Er zijn te weinig gegevens om de effecten van vaccinatie op de preventie van coronaire hartziekten op een betrouwbare wijze vast te kunnen stellen. Bij patienten met COPD gaf vaccinatie een significante reductie van het aantal exacerbaties in vergelijking met placebo. Er was bij hen sprake van een significante toename van lokale bijwerkingen, maar de effecten waren over het algemeen licht en voorbijgaand. De onderzoeken waren te klein om een effect op mortaliteit te kunnen tonen. Over de effecten van influenzavaccinatie bij patienten met astma bronchiale blijft onzekerheid bestaan. Hetzelfde geldt voor patienten met bronchiectasieen of cystische fibrose.
Bij patienten met hematologische maligniteiten is een effect gevonden op het verminderen van infecties van de lagere luchtwegen en ziekenhuisopnamen. De effecten bij kinderen met kanker die chemotherapie ondergaan zijn niet duidelijk. Eveneens is niet duidelijk wat de effecten zijn van vaccinatie van patienten met een infectie met het humane immunodeficientievirus (HIV). Bijwerkingen van vaccinatie zijn over het algemeen gering en bestaan vooral uit lokale reacties. De afweging om in de praktijk vaccinatie toe te passen, zal bij elke risicogroep uiteraard verschillend zijn.

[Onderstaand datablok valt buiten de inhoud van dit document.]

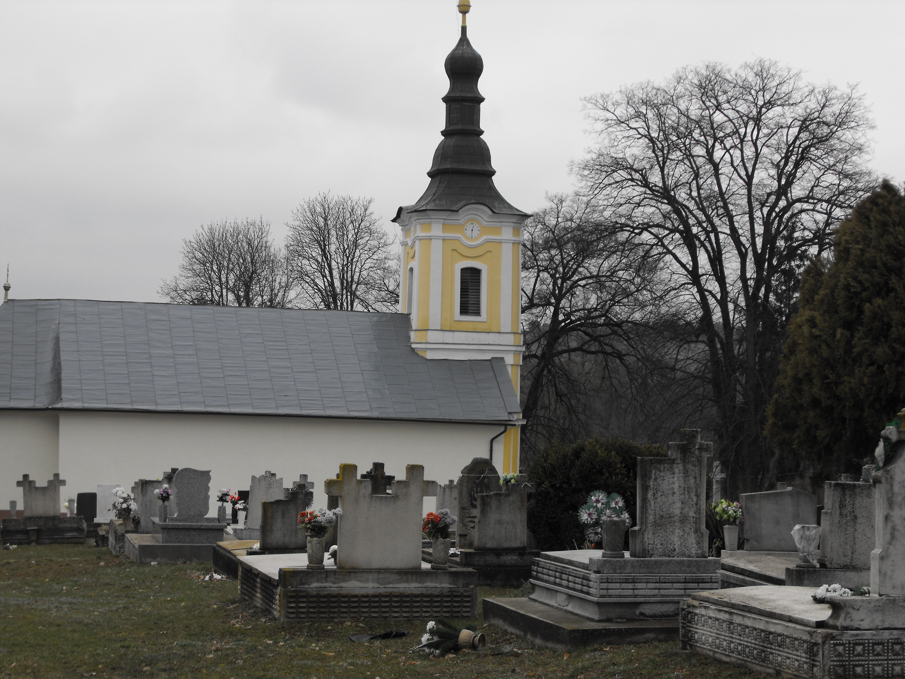 Greek-orthodox church in Viszlo, Cseretat, Hungary

De besproken gerandomiseerde onderzoeken hebben eveneens beperkingen en de methodologische kwaliteit is niet altijd voldoende. Het betreft vaak onderzoeken met kleine aantallen patienten waarin soms belangrijke gegevens over de wijze van randomisatie, blindering en de vervolgduur ontbreken. Terwijl slechte methodologische kwaliteit van gerandomiseerd onderzoek in het algemeen leidt tot overschatting van de effecten van interventies, is dat bij de gerandomiseerde onderzoeken met slechte kwaliteit naar influenzavaccinatie niet het geval. Deze onderzoeken tonen namelijk nauwelijks een effect van influenzavaccinatie.

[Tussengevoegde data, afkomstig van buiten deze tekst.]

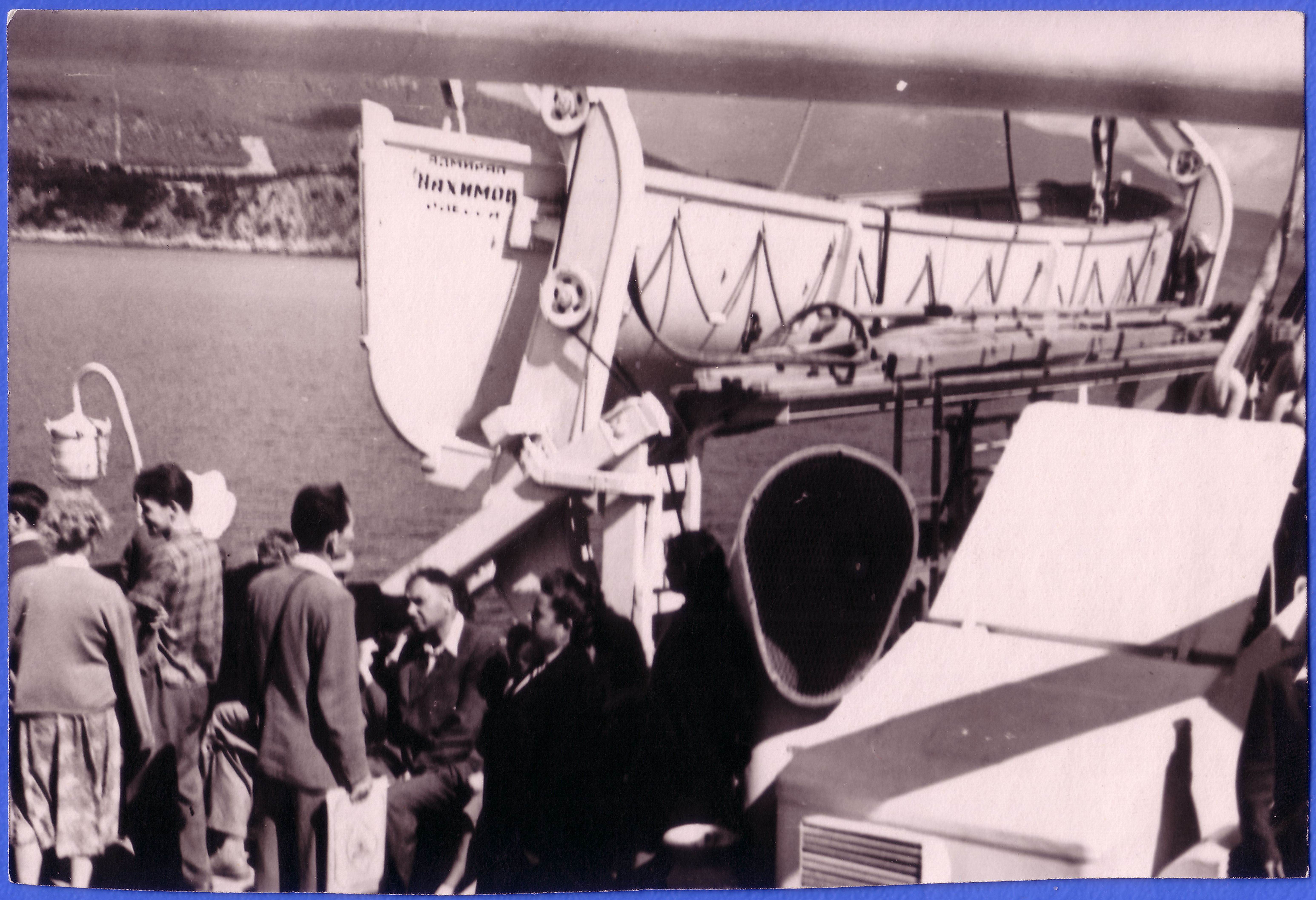 Admiral Nakhimov liner on the Black Sea cruise. 1957.

Vrijwel alle auteurs van de besproken systematische literatuuroverzichten en meta-analysen geven aan dat meer en grotere gerandomiseerde onderzoeken nodig zijn om de werkzaamheid en effectiviteit van influenzavaccinatie bij verschillende risicogroepen vast te stellen. Deze vaststelling onderstreept de noodzaak de indicaties op de voor influenzavaccinatie beter te funderen dan de huidige die is gebaseerd op onderzoek uit de periode voor 2007.